Many homeowners contend that the variable interest rate is too high and want the ability to change it. Others believed they would be able to add borrowers to the loan after it closed or assign it to a family member. None of these changes have ever been allowed on federally insured reverse mortgages, indicating misunderstanding, miscommunication or misrepresentation during the application and closing process.

Non-borrowing, surviving spouses, worry about losing their home

Until recently, it was possible for widows or widowers to lose their homes after their spouses died if the dying spouse was the only party listed on a reverse mortgage. This would occur if one spouse were under age 62 at the time of application, or if the couple intentionally left the younger spouse off the loan to increase the amount they could borrow. Unless the surviving spouse had enough money to repay the loan, he or she would be forced to move out and sell the home, per the conditions of the contract.

A change in the law two years ago provided increased protection to spouses who are not named on a reverse mortgage contract. Today, spouses who are not listed on the reverse mortgage can remain in their homes after the death of the borrower by being designated Eligible Non-Borrowing Spouses.

Non-borrowing spouses can stay in their homes following the passing of the borrower on a reverse mortgage under certain conditions. However, they will not have access to any remaining loan funds after the borrowing spouse has died.

Consumers have trouble repaying the loan

Once the lender learns of a borrower’s death, it will send a notification to relatives or the executor of his or her estate that the loan is due.

The lender will have the property appraised. If it is worth less than the loan balance because it declined in value, then the amount due is equivalent to 95 percent of the assessed value; heirs will not have to pay the full loan balance. The FHA insurance will cover the difference.

Complaints have arisen due to the length of time it takes for lenders to appraise the home, so that the loan can be funded.

Discuss the loan-closing process with the lender when you apply for the reverse mortgage so that you understand the steps involved. Also, make sure your heirs are aware of the process in the event they have to sell the home to repay the HECM loan after your death.

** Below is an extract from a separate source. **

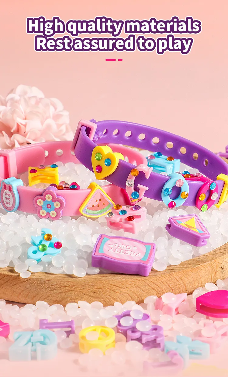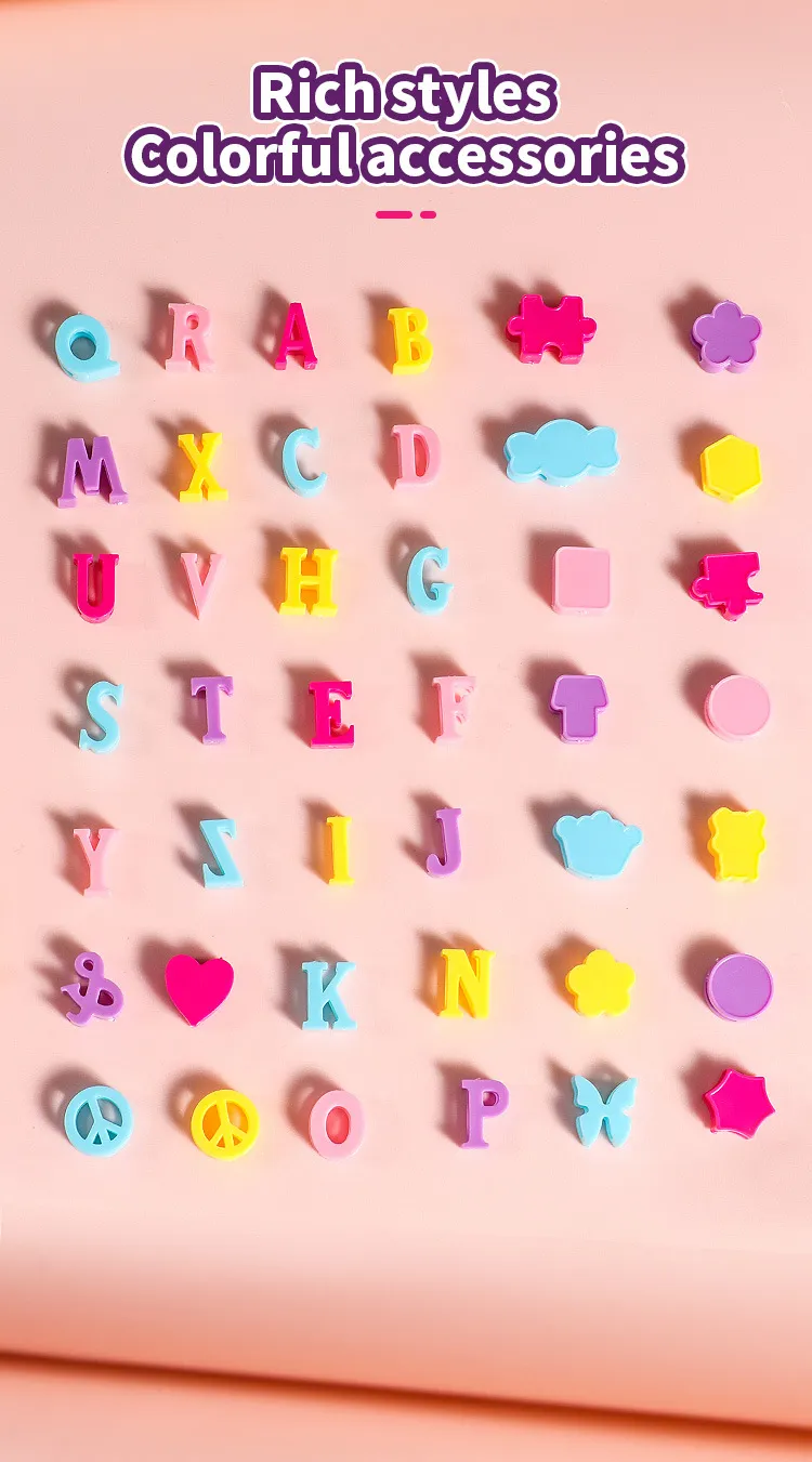 alphabet beads, and cartoon-themed charms, giving children the freedom to design their own personalized bracelets and accessories. The

Consumers are facing foreclosure for failing to pay taxes and insurance

A reverse mortgage places a lien on the property. During this time, the homeowner maintains title and property ownership, and thus responsibility for maintenance, taxes, insurance, utilities, and other expenses.

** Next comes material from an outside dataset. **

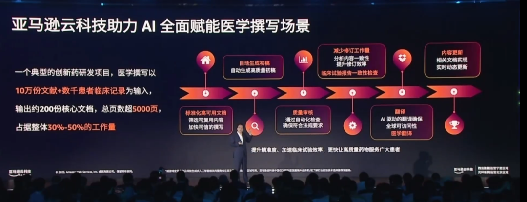 针对这一挑战,复星医药和亚马逊云科技展开了合作,将整个医学写作的场景进行了解构。借助生成式 AI 的能力,一键式完成实验报告检查,把长达一周的工作缩短到 5 分钟。另外,在医学翻译领域,借助亚马逊云科技技术,复星医药用 6 个月的时间已经完成了 1.6 个亿字的翻译,直接降本超过了 30%。

Borrowers who fail to pay property taxes and insurance on their homes will default on their loan, and the lender may call the loan and make it payable immediately. This means the borrower may have to sell the property to repay the debt.

Before 2015, there were no credit or income requirements for obtaining a reverse mortgage. Eligible homeowners had to be at least age 62, they had to own their homes with little to no mortgage balance left, and the home had to be their primary residence. Also, the property had to meet FHA standards.

All of these requirements remain, but since 2015 borrowers also have to undergo income and credit assessments before obtaining a reverse mortgage.

The reason for the change is a recent surge in the number of reverse mortgage defaults caused by borrowers failing to keep up with taxes and insurance. The Federal Housing Administration (FHA) imposed the new income and credit requirements on reverse mortgage applicants to reduce the chances of borrowers defaulting on their loans by measuring their capacity to pay property taxes and homeowners insurance.

To minimize having the same complaints, applicants for reverse mortgages should research the terms and conditions of these types of loans, ask questions of prospective lenders and know about recent changes in lending laws and guidelines.